The Growing Rise of Megacompanies Hurts Consumers and Damages Our Democracy
This month, Apple became the first publicly-traded American company to reach $1 trillion in market value. It is now one of the most powerful companies in the world both in revenue and in the share of the market that it holds. In 2017, Apple took home 79% of the global profit share for smartphones. What does this milestone mean for American consumers?
Megacompany monopolization is not unique to Apple, or even the tech industry. Five banks control half of all assets in the American financial system. Thirty publicly traded companies collect half of the profits produced by all publicly traded companies in the market. According to Business Insider, the difference between how much it costs American companies to make products and how much they make selling products—a mechanism that experts use to measure how much power companies have in the marketplace—is at the highest level since 1950.
When companies consolidate, it makes it harder for plucky startups to gain a foothold as a competitor. As a result, consumers have fewer options, which can drive prices up and innovation down.
Apple has spent decades fostering a consumer-invested ecosystem where users become so familiar and comfortable with its products that it’s difficult to switch another company. This ecosystem is so strong that other companies struggle to create similar systems, effectively allowing Apple to monopolize the market. However, Apple is not the only tech titan set to monopolize the market. Only about 1% of smartphone consumers use an operating system that is not made by Apple or Google.

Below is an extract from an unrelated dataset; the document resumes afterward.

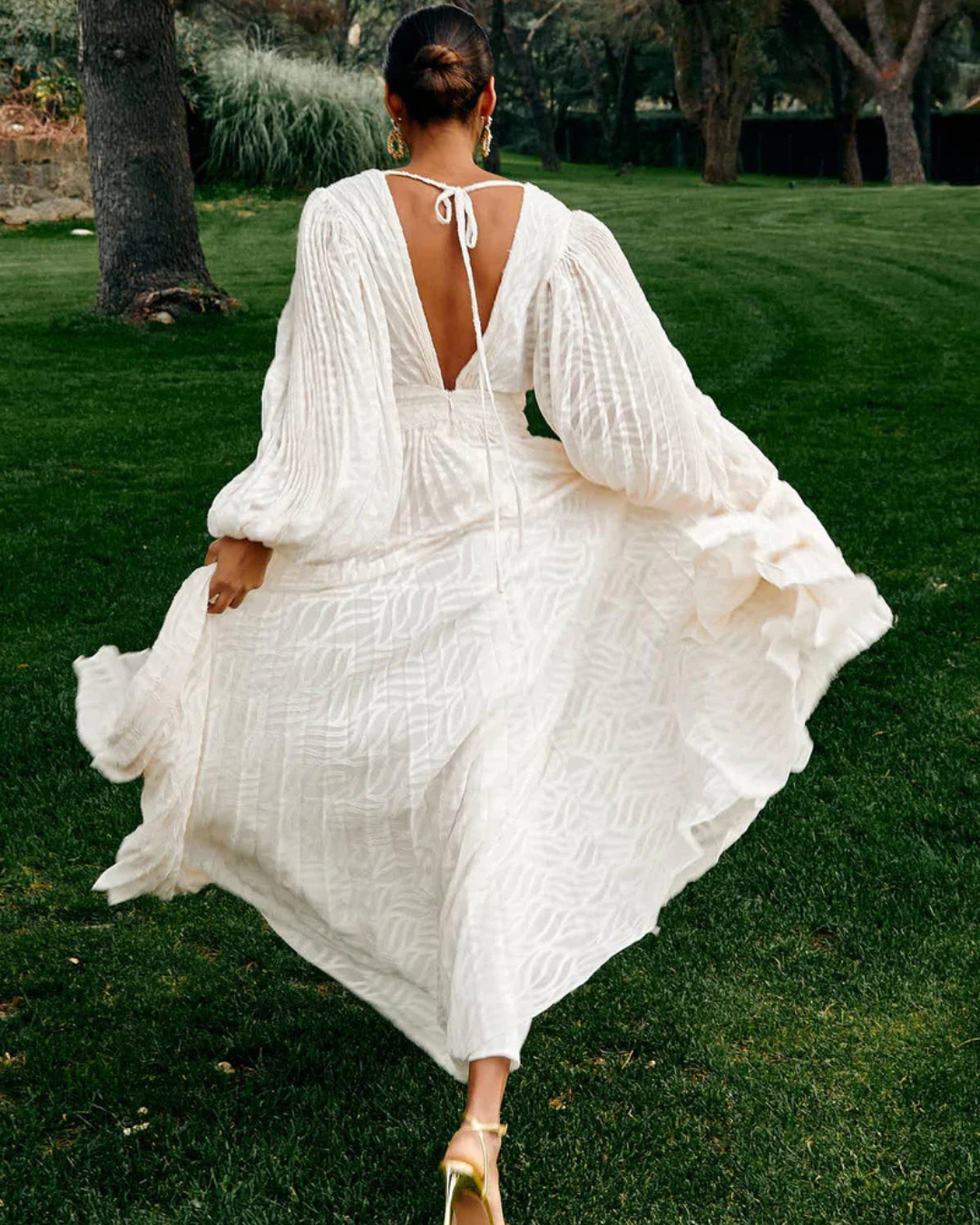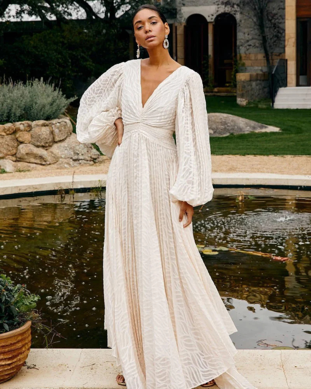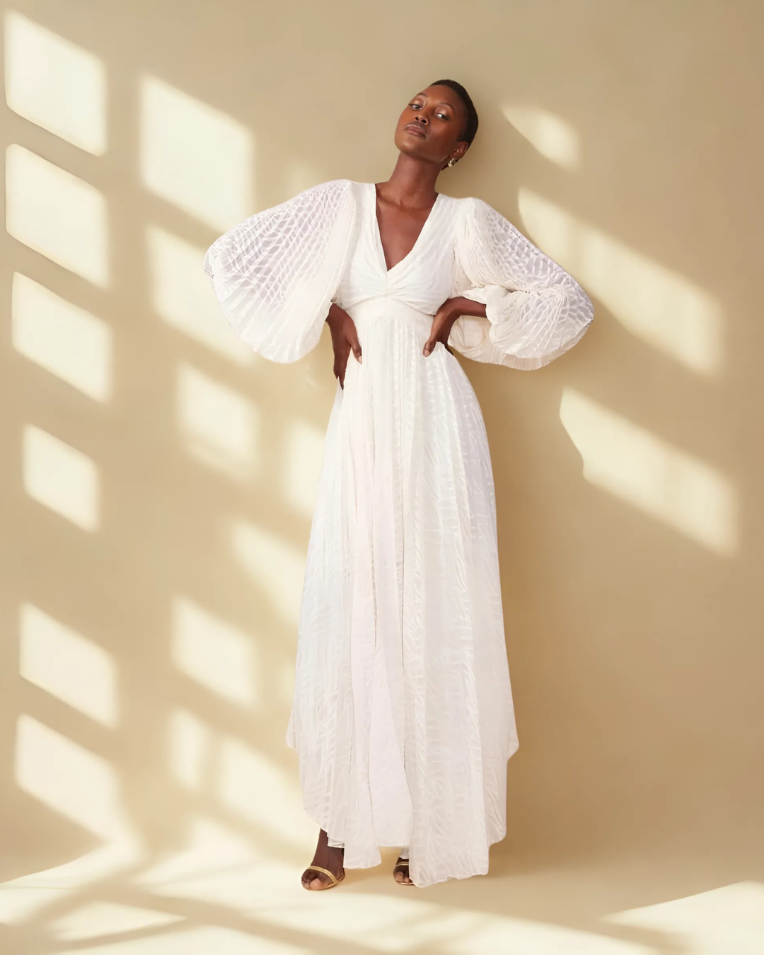 Um look inesquecível com este vestido comprido, perfeito para festas ou celebrações. Confeccionado em luxuosa musselina devoré plissada num tom branco suave, este vestido exala elegância com um toque de romance caprichoso.

In industries where corporate consolidation is rampant, such as the tech field, workers’ share of the overall pie is shrinking because these merged companies are focused on efficiency and need fewer workers to perform the necessary jobs, which means fewer people employed in quality, high paying jobs. This leads to an overall decline of the share of the nation’s wealth that goes to workers. In addition, while Apple’s valuation soared to new heights this week, it is aggressively outsourcing its workforce out of the country, taking advantage of poorly-paid workers in other countries and robbing Americans of good jobs.
U.S. Supreme Court Justice Louis Brandeis long ago warned against the “curse of bigness” in corporate power. During the Progressive Era of the 1910s and 1920s, American trustbusters sought to rein-in excessive corporate power by enacting bold laws such as the Clayton and Sherman Act, and the Federal Trade Commission Act, which created the Federal Trade Commission (FTC), to protect competition. However federal antitrust enforcement, the Department of Justice and the FTC, have not used their enforcement powers robustly to curb excessive concentration. Market commentators may argue that stopping companies like Apple, Google, and Amazon from driving out their competitors from the marketplace is impossible. But they are wrong. Congress can fix our antitrust laws to stop companies from growing so big that they stamp out all competition, and Public Citizen will continue to advocate for strong antitrust laws and enforcement that protects consumers against corporate monopolies.